* **YOUR INSTRUCTIONS**
Starting with the line that has "从项目板楼设计和165平户型图来看,它都是目前新中轴市场上最稀缺的一类产品。" in the records below and ending with the line that has "雨で延期になっていた芋ほりを", output those lines exactly and nothing more; omit the pictures.

* **GIVEN INFORMATION**
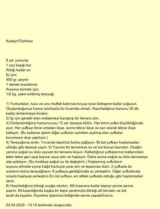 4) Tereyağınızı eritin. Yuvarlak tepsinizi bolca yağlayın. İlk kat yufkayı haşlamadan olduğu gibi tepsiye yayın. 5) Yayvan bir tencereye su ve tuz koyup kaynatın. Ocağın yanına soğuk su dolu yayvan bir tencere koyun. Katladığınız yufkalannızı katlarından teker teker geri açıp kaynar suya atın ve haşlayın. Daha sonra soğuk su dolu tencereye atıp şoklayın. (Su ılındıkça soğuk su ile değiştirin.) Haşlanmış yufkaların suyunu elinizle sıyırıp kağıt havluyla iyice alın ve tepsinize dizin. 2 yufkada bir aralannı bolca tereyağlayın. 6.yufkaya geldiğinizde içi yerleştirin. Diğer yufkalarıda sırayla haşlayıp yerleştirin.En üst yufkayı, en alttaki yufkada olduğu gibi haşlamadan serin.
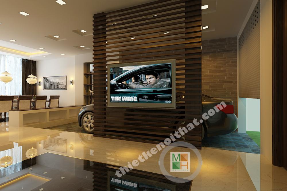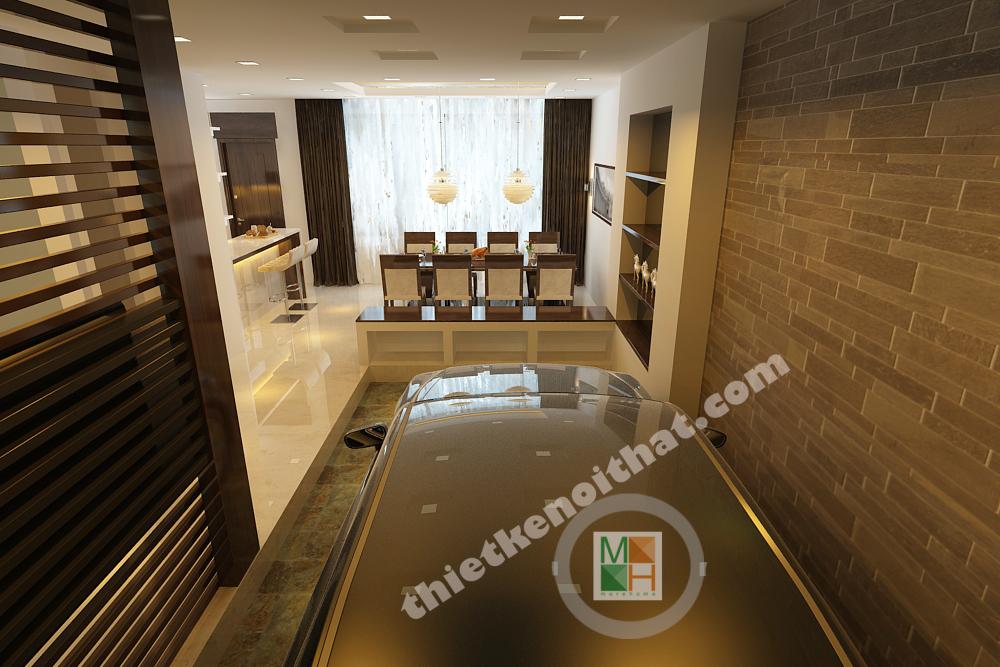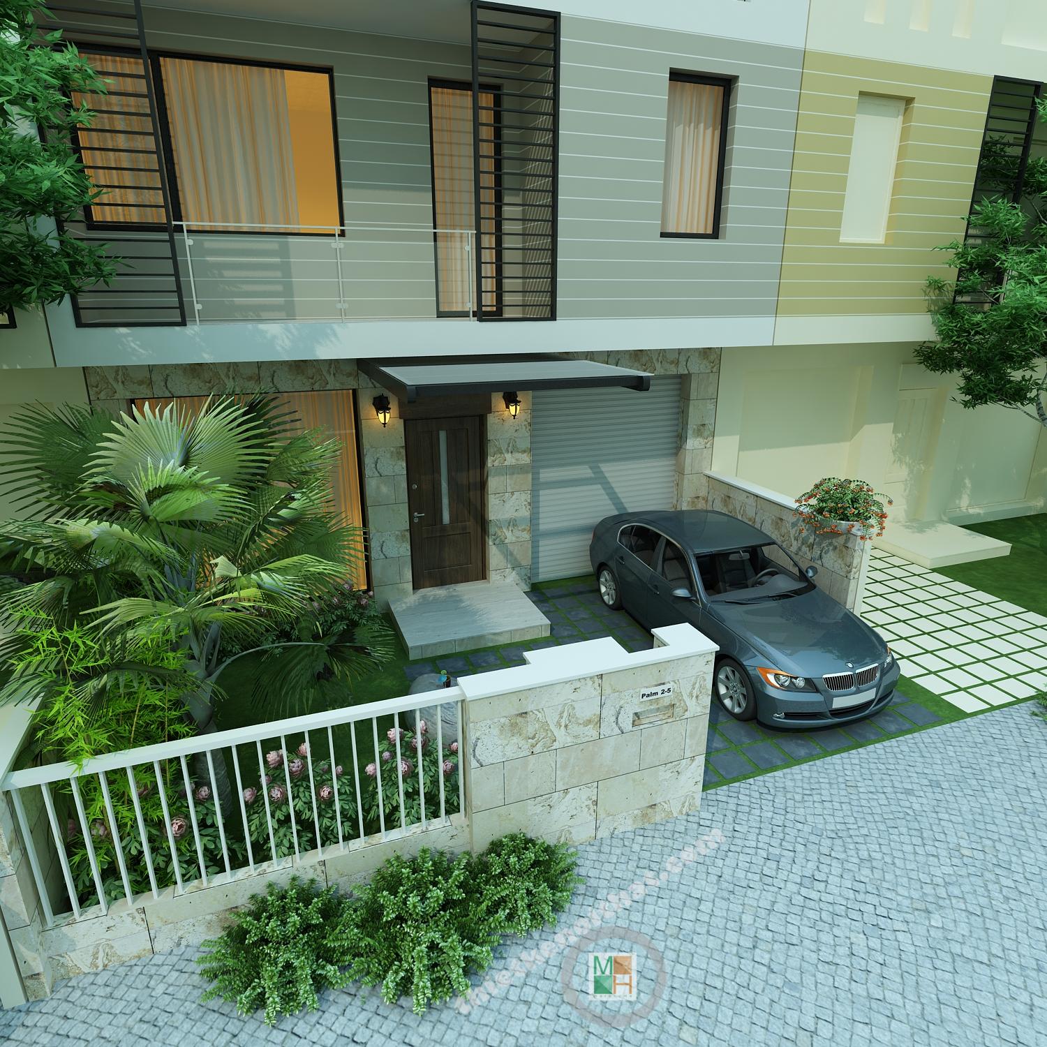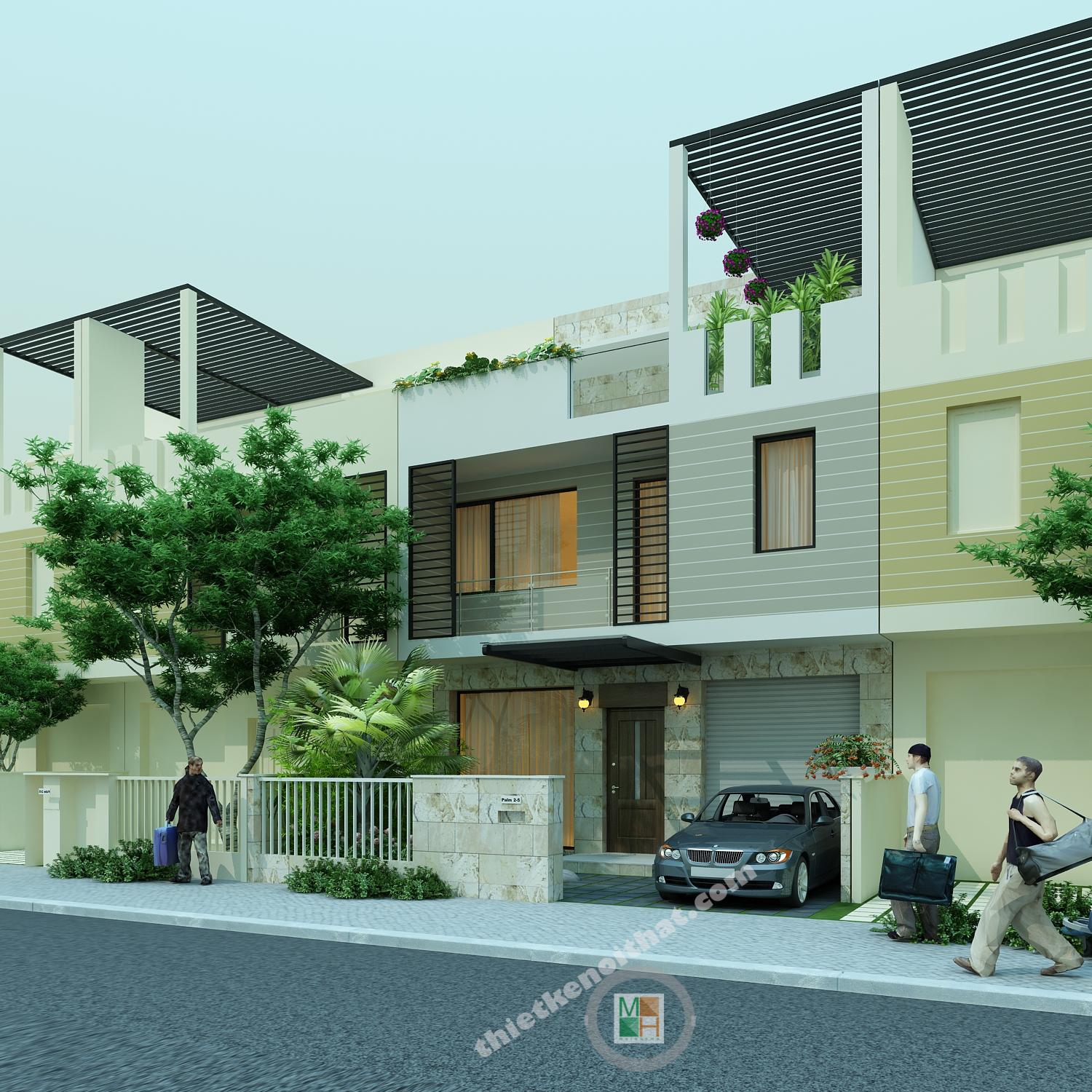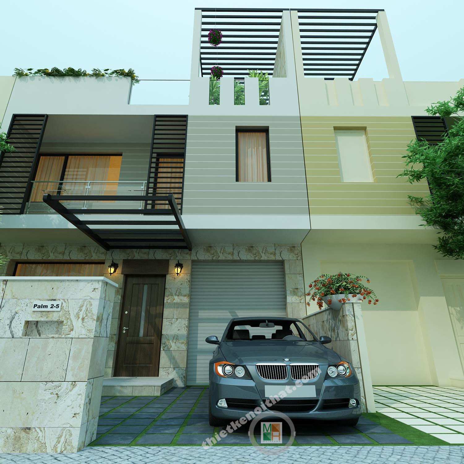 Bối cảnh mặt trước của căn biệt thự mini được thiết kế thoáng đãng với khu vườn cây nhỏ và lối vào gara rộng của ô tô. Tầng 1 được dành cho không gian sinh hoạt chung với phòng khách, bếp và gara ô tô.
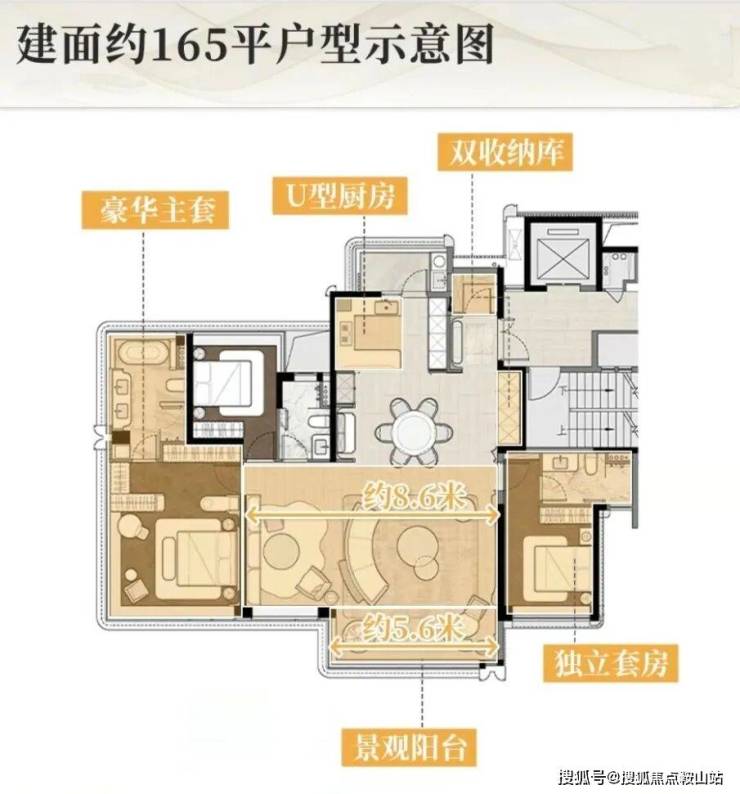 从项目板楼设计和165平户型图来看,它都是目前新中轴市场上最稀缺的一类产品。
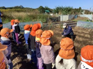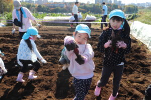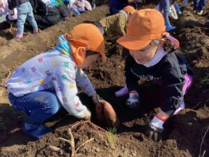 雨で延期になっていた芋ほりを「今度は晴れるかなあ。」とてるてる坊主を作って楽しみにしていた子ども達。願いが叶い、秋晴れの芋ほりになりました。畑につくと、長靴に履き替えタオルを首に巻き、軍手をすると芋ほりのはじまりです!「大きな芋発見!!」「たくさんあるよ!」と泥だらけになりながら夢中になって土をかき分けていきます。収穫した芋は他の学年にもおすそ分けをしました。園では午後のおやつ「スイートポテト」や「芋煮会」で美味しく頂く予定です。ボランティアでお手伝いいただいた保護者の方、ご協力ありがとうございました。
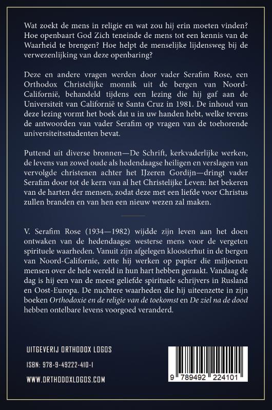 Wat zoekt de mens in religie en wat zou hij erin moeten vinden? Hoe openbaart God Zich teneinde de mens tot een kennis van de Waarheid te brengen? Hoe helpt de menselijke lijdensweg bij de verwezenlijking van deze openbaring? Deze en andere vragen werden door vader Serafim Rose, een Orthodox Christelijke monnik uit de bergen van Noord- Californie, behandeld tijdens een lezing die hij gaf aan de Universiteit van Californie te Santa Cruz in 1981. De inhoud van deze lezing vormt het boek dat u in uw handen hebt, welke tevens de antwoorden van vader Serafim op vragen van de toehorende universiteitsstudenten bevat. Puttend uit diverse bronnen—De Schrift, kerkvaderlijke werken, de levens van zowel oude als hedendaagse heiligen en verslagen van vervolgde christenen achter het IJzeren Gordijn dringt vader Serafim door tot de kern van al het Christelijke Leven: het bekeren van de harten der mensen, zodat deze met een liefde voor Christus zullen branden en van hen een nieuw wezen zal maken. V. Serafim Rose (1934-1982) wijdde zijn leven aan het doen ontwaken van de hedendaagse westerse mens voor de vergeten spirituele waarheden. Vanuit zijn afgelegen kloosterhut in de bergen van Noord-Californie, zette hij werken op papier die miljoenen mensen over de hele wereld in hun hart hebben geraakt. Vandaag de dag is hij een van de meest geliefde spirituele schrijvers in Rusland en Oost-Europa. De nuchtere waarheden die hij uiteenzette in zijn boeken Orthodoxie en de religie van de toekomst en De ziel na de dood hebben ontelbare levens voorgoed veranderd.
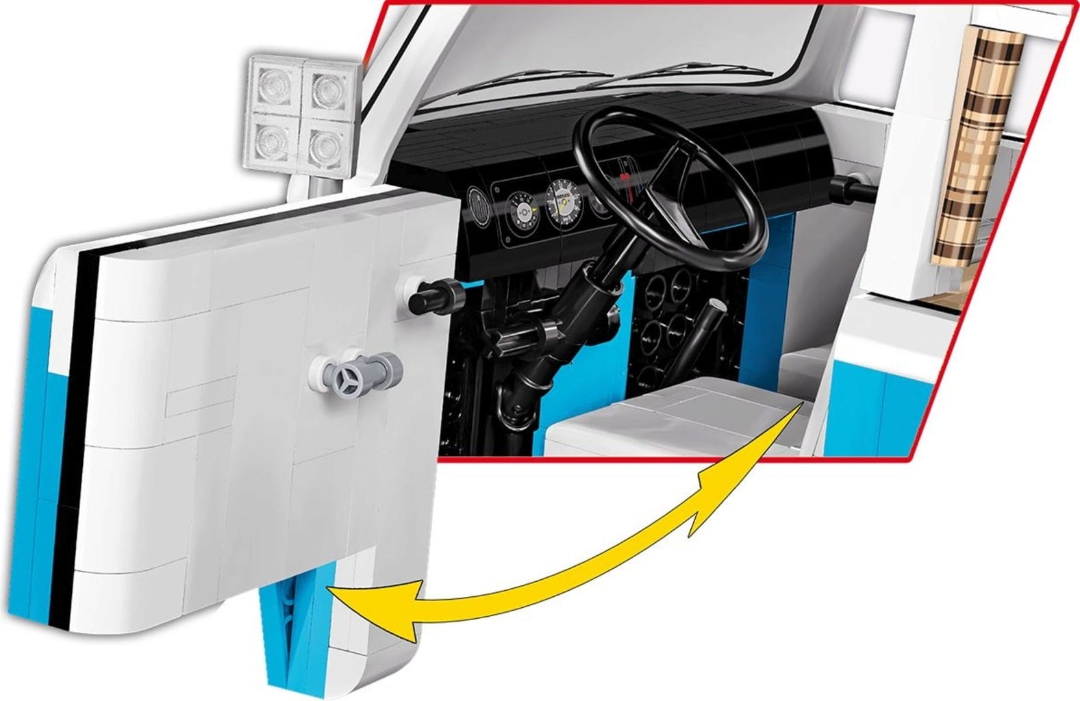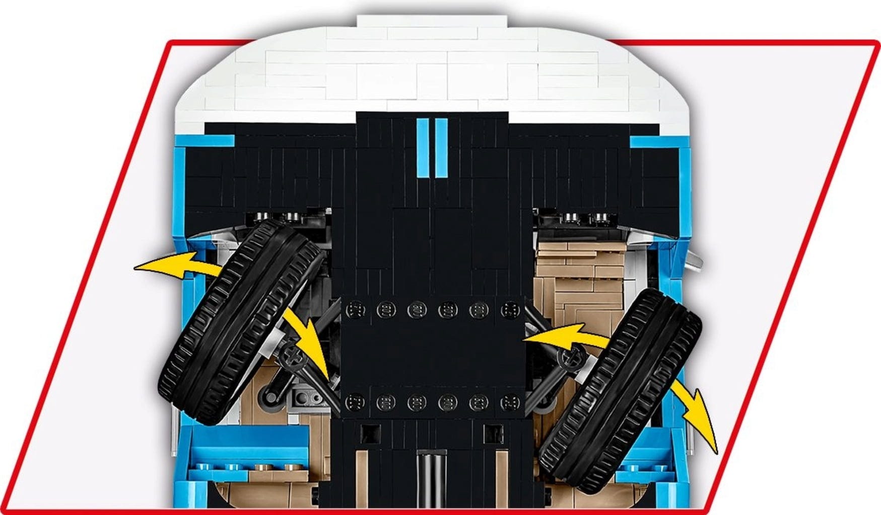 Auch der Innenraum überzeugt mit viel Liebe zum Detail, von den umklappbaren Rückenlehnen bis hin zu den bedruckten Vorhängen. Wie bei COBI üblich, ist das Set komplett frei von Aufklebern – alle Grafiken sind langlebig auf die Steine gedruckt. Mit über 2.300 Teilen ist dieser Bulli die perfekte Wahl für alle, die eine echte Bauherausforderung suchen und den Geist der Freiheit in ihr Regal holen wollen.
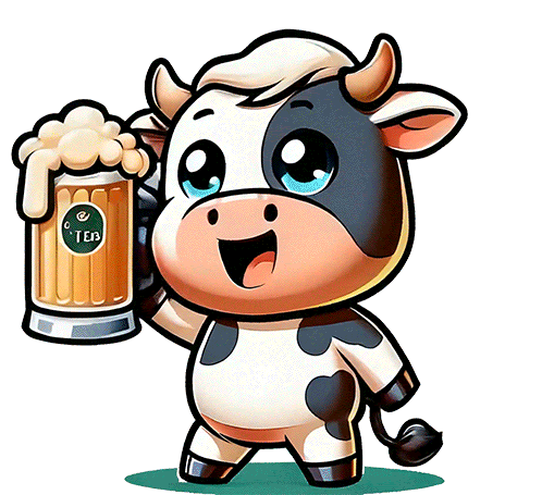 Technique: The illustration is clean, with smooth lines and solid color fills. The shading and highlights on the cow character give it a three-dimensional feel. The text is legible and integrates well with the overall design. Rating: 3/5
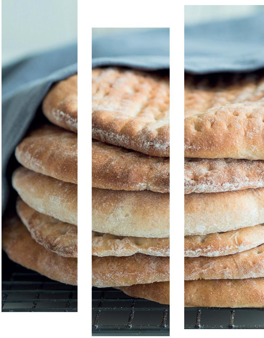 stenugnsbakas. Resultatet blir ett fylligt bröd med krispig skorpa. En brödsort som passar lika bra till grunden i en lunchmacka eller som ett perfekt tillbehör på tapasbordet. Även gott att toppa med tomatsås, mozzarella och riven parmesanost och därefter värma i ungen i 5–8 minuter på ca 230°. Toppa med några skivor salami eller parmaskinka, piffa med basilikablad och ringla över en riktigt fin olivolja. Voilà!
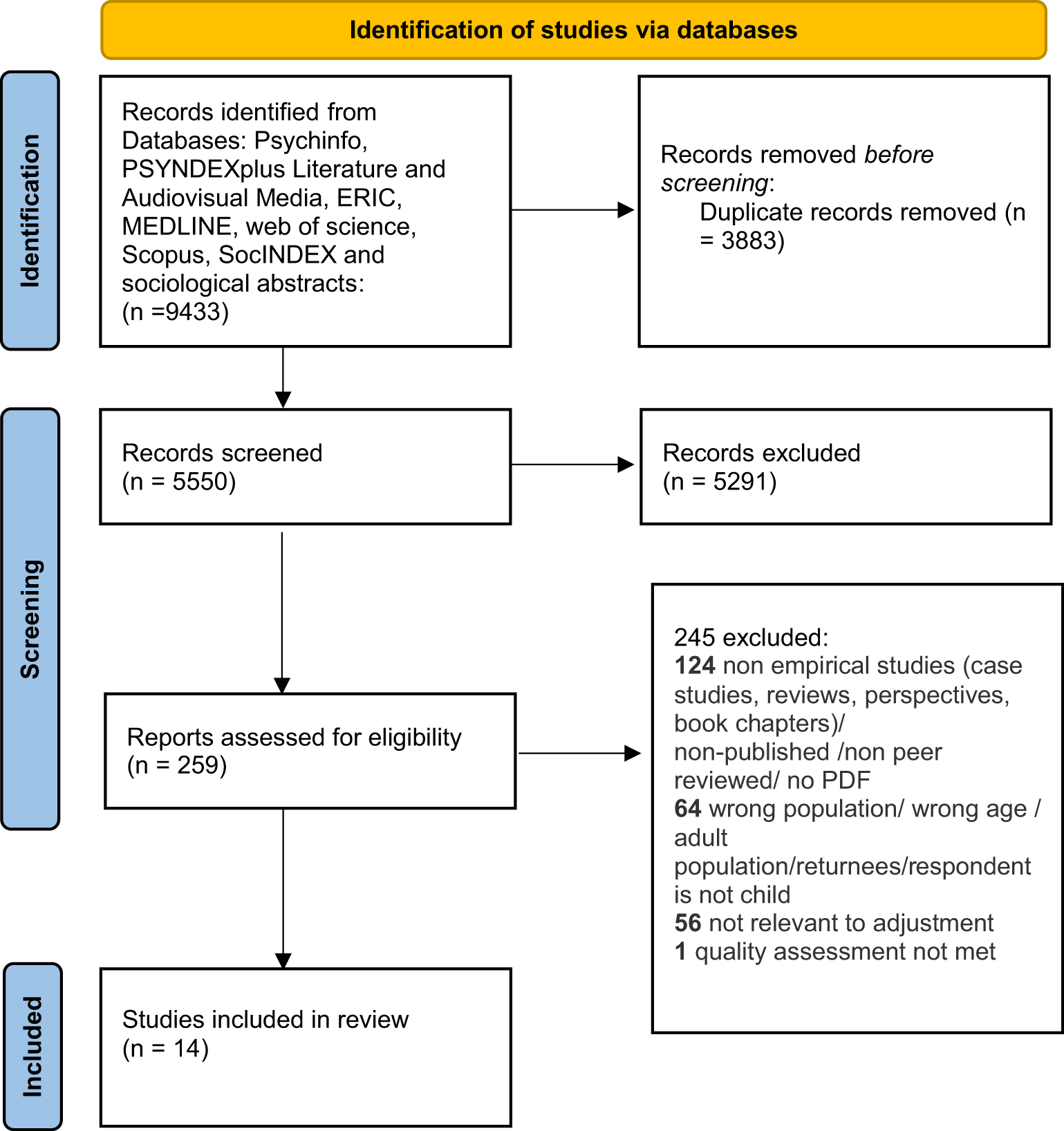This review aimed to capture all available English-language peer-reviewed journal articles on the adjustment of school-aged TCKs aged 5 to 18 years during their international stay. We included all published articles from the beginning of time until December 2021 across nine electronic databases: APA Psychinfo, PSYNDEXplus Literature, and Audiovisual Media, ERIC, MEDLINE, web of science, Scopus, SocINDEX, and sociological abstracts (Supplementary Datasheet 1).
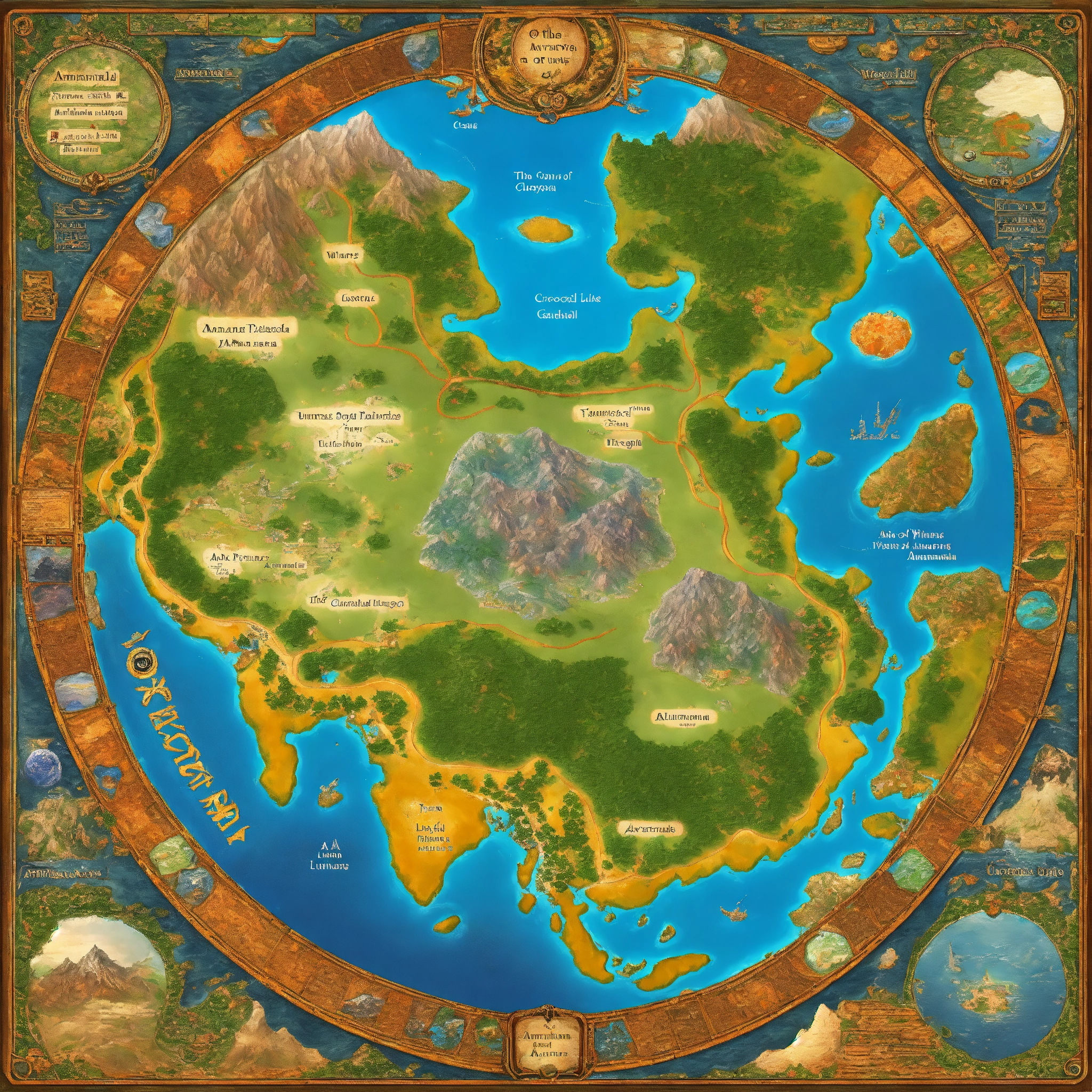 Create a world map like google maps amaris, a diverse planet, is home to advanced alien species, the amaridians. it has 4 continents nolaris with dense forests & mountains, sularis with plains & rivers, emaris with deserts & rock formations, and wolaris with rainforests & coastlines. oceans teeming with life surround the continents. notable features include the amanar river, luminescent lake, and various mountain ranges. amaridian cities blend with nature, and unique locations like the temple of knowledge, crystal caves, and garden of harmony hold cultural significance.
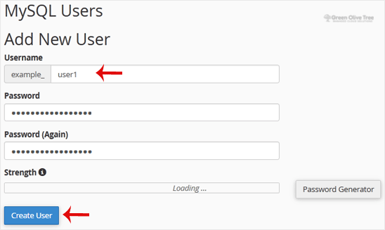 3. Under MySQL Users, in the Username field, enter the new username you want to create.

* **REPLY TO THE EXERCISE**
 从项目板楼设计和165平户型图来看,它都是目前新中轴市场上最稀缺的一类产品。
 雨で延期になっていた芋ほりを「今度は晴れるかなあ。」とてるてる坊主を作って楽しみにしていた子ども達。願いが叶い、秋晴れの芋ほりになりました。畑につくと、長靴に履き替えタオルを首に巻き、軍手をすると芋ほりのはじまりです!「大きな芋発見!!」「たくさんあるよ!」と泥だらけになりながら夢中になって土をかき分けていきます。収穫した芋は他の学年にもおすそ分けをしました。園では午後のおやつ「スイートポテト」や「芋煮会」で美味しく頂く予定です。ボランティアでお手伝いいただいた保護者の方、ご協力ありがとうございました。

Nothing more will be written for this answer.